Fifa ethics report not expected to reveal smoking gun over Qatar bid

2022 hosts unlikely to be stripped of tournament
Behaviour of Russia, Australia, Qatar and England questioned
Michael Garcia
Michael Garcia will deliver his summary of a long awaited investigation into the controversial World Cup bidding process on Thursday. Photograph: Stuart Franklin - Fifa/FIFA via Getty Images

Fifa’s ethics committee judge will on Thursday deliver his summary of a long awaited investigation into the controversial World Cup bidding process but is not believed to have uncovered evidence that would justify stripping Qatar of the 2022 tournament.

The behaviour of several of the bidders involved in the convoluted and ill-conceived dual bidding process for the 2018 and 2022 tournaments is expected to be called into question, including Russia, Australia, Qatar and England.

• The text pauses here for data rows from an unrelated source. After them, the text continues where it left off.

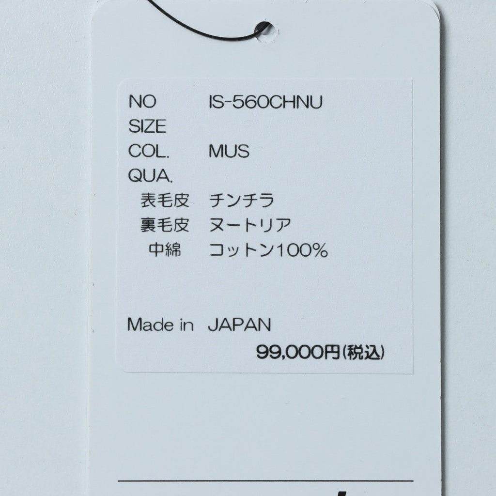 | Material | 素材:表毛皮:チンチラ 裏毛皮:ヌートリア 中綿:コットン100% |
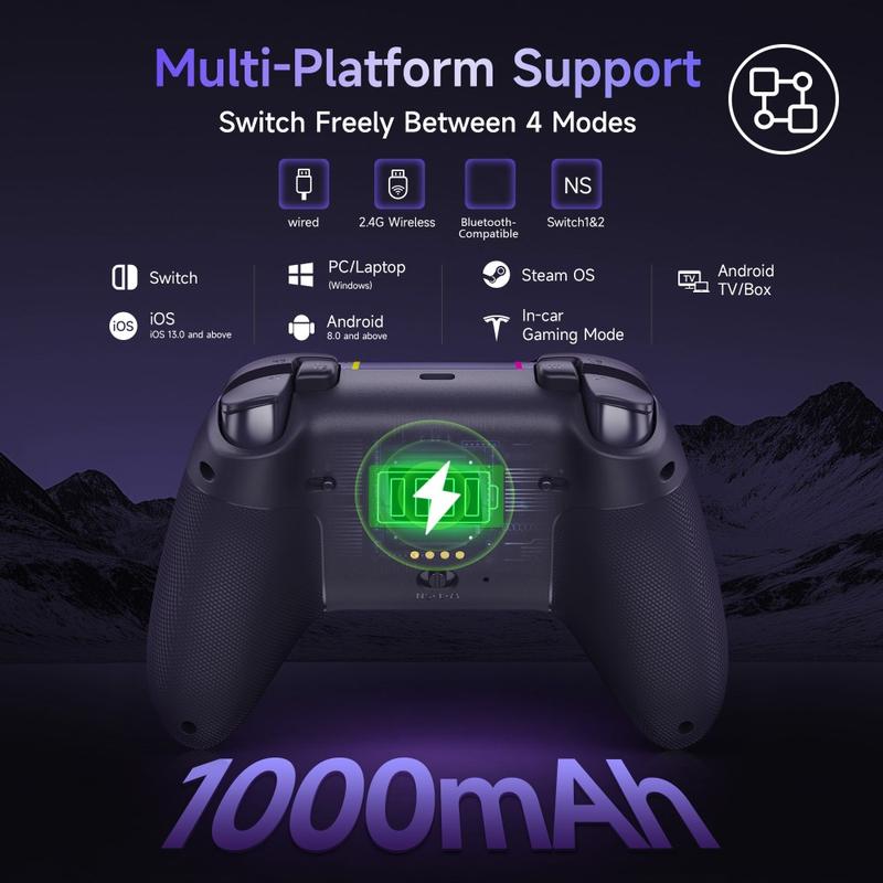- Dreifach-Konnektivität - Einfaches Umschalten zwischen 2,4-GHz-Wireless-, Bluetooth-kompatiblem und kabelgebundenem USB-C-Modus für nahtlose Kompatibilität mit Switch, Windows, Android und iOS.
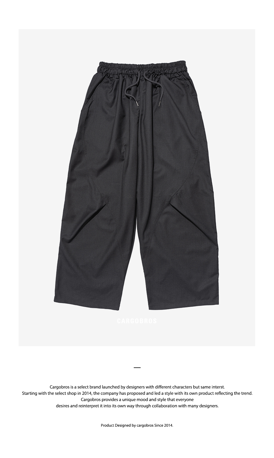 CURVED WIDE BANDING SLACKS (CHARCOAL)
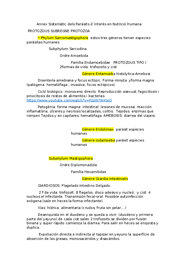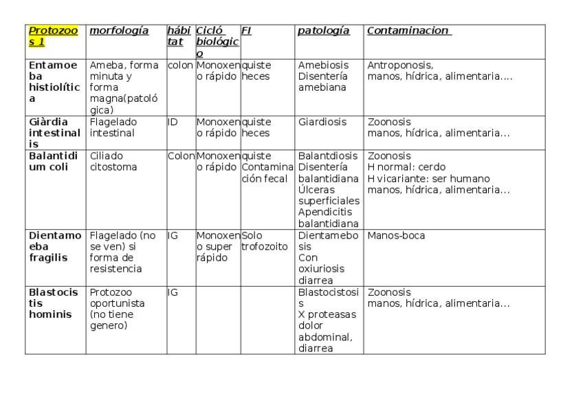 cuadros de parásitos clasificados

Individuals who are no longer involved in football – including Jack Warner, Mohammed bin Hammam and Reynald Temarii – are expected to be criticised but the summary of the report does not at this stage name any other names.

Nor is there believed to be a “smoking gun” that links the behaviour of Mohammed bin Hammam, the Qatari former Asian Football Confederation president who was banned for life for offering bribes to officials during his challenge for the Fifa presidency, with the Qatar 2022 bid.

Russia, which won the right to stage the 2018 tournament, is understood to be criticised for its failure to co-operate with the investigation and is believed to have claimed that its computer systems were wiped in the wake of its victory so few email trails exist.

Hans-Joachim Eckert, the German judge who is head of the judiciary arm of the Fifa ethics committee, will produce a summary of the main findings, conclusions and recommendations of the investigation conducted over 18 months by Michael Garcia.

Aside from Russia and Qatar, the bidding nations comprised England, Holland-Belgium and Spain-Portugal for 2018, and the United States, Australia, Japan and South Korea for 2022.

According to sources, the “plague on all their houses” nature of the summary makes it even less likely that the investigation will lead to either Russia or Qatar being stripped of the tournament.

The Sunday Times uncovered evidence that Bin Hammam had made a series of major payments to football officials during his presidential bid that amounted to millions of dollars, which coincided with the Qatar 2022 World Cup campaign, leading to genuine concern in Doha that Fifa would strip them of the tournament.

Australia’s bid, which cost taxpayers $40m and received just a single vote, also came under scrutiny for development funds paid and gifts distributed in parts of the football world in which influential Fifa executive committee members had votes.

Garcia was compromised from the start by the fact that he had no power to seize phone records or email traffic and those corrupt former Fifa officials who are no longer involved in the game could not be compelled to talk.

Those involved in the ill-starred England 2018 bid are believed to have co-operated freely with Garcia. As a result England’s bid – which cost £21m and gained just two votes – is likely to be disproportionately criticised for relatively minor infractions.

They could include the Mulberry handbags given to the wives of executive committee members during a visit to London and the decision to pay for a Concacaf dinner in the Caribbean fiefdom of the controversial ex-Fifa vice president Jack Warner.

Despite limited powers, Garcia has been determined to investigate as best he can, travelling to each of the bidding nations to gather evidence. Garcia is banned from Russia under a tit-for-tat response to US sanctions and the reports into the Russian bid and the USA were compiled by Garcia’s deputy, Cornel Borbély, to avoid conflicts of interest.

The bid process was hit by a series of corruption claims, including the allegation that Qatar colluded with Spain to swap votes and evidence that two members of the Fifa executive committee sought sweeteners in return for their vote.The 42-page summary of the former New York district attorney’s 430-page report has itself been mired in controversy as Fifa has come under pressure to publish the investigation in full.

With whistleblowers interviewed by Garcia having been promised anonymity, Eckert has insisted that he will only publish “a summary of the main findings, conclusions and recommendations of the report, as well as a brief evaluation of the same”.

Others, including Garcia himself, have pushed for the full publication of the report with names redacted. The investigator is understood to have made a number of recommendations about how the bidding process could be improved in future, as well as recommending sanctions against certain individuals.

It remains unclear whether Eckert will name names at this stage, promising sanctions by spring next year. Regardless, he has said that any decision on whether to strip Russia or Qatar of the World Cup would be taken by the Fifa executive committee and not by the ethics committee.

Much of the credibility of the report rests on whether Fifa’s twin chamber ethics committee, set up in the wake of the avalanche of corruption allegations that engulfed world football’s governing body in 2011, is seen as truly independent.

Meanwhile, the FBI is continuing to investigate claims of tax evasion and money laundering related to former Fifa executives.